Wild and Wicked
You might be too old to rock and roll, but you’re never too old to issue a disc of unreleased “rarities” and live cuts. Burdon, late of The Animals and War returns to the scene with a new studio CD and this collection of unreleased studio and live material.
Burdon keeps the electric bluesy sound than put him on the map, and this album sounds like he never went on hiatus. Its old school rock and roll, young and angry like disco and punk never existed. The writing is strong, even if the topics of drugs and ghetto and religious skepticism are exactly where we last remember hearing him. “River of Blood” is as good a track as any from the studio half of this album — rough and raunchy, a bit mysterious on first listen, and kind of creepy when you figure it out.

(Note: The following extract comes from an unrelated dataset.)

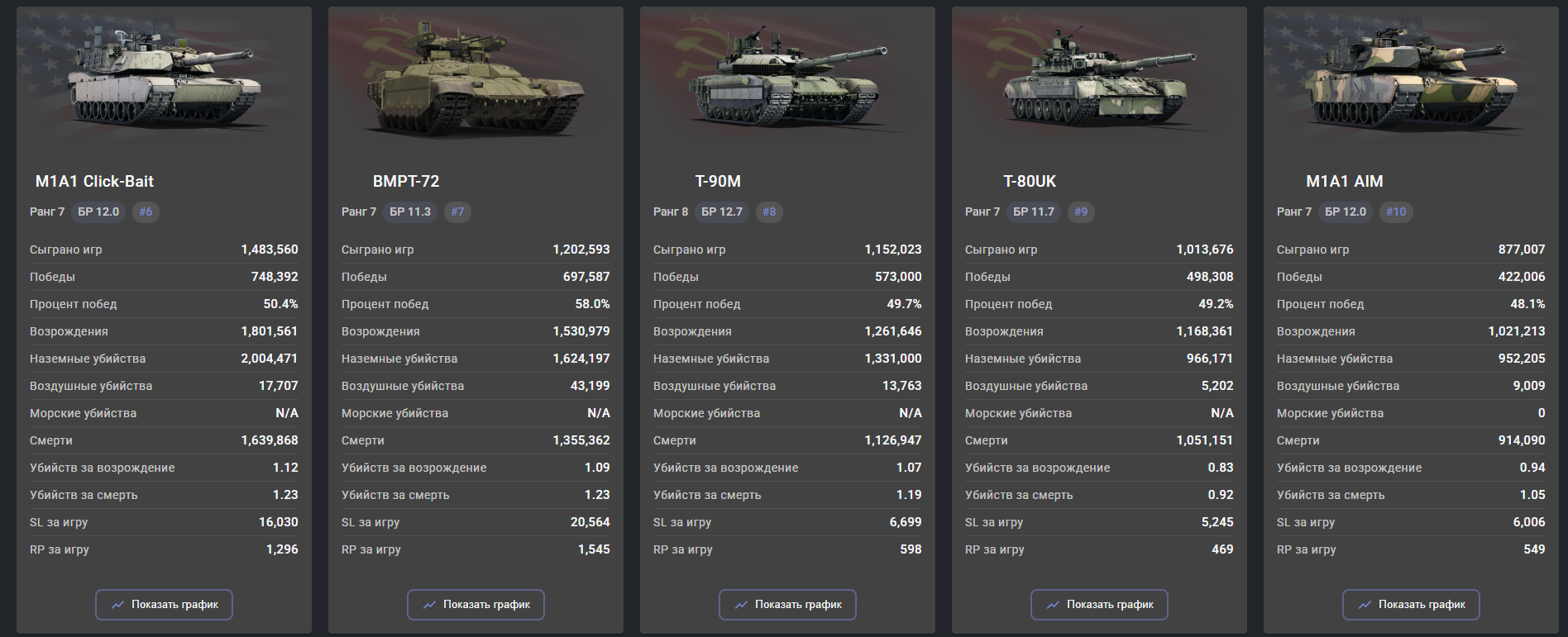 Однако из 10 самых популярных танков топтира 6 за СССР.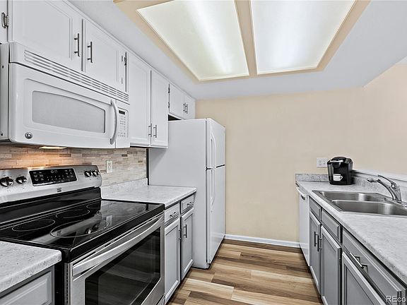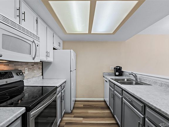 $7,500 Seller Concession with full price offer!!! $2,500 for carpet replacement and $5,000 for a 2-1 buydown. Welcome to this delightful condo unit located in Bayberry Condominiums of the Centretech subdivision of Aurora, Colorado. Priced at $255,000, this top floor unit offers two bedrooms, two bathrooms, covered parking, and more! Upon entering, you'll discover an inviting kitchen with breakfast bar adorned with wood-look laminate plank flooring, a new dishwasher, and a newer range. The kitchen is open to the adjacent living/dining room combo, which boasts carpeted floors, a wood-burning gas fireplace with a charming marble tile surround, and access to the covered balcony. The master bedroom is generously sized and has a walk-in closet. The ensuite, 3-piece, 3/4 master bathroom is equipped with linoleum floors and Formica countertops. Both bedrooms have carpeted floors. Additionally, a full bathroom with linoleum floors and Formica countertop serves the needs of residents and guests alike. Other great features include the comfort of central air conditioning and the convenience of in-unit laundry. Another great perk of this unit is its covered & reserved parking space (#12) in the attached community garage. A storage unit is conveniently located on the same floor as the condo unit. The community offers amenities including a pool, tennis courts, and community park. The location provides great access to shopping, dining, parks, public transportation, and I-225, making day-to-day life that much more convenient. Whether you're a first-time homebuyer, a downsizer seeking a low-maintenance lifestyle, or an investor looking for a great opportunity, 401 S Kalispell Way Unit #304 offers a comfortable and affordable living experience in Aurora. This property is being sold in AS-IS condition. New dishwasher, washer, and dryer included. Elevator access for easy moving.

That happens about 3 minutes along, when the Indian chanting begins. This guy is nothing if not symbolic.
The live tracks are the weaker half of the project. They tend to ramble, and while they are clean enough to sound good, songs like “Funky Fever” lack the focus needed to engage. When it ends, you’re sort of happy, and it’s not like you wish there was more. Like most live albums, it’s not as good as the studio stuff, with mixing compromises and crowd noise never really capturing the energy of a festival audience.
For you aging hippies, Burdon’s resurrection is worth getting for memories of that decade we swear we can’t remember. It’s also a great gift for your grandchildren; I’ve found the current generation really appreciates the sounds we grew up with. I think there are some parents in the middle somewhere, but it’s time to corrupt America’s youth with that devil music once again.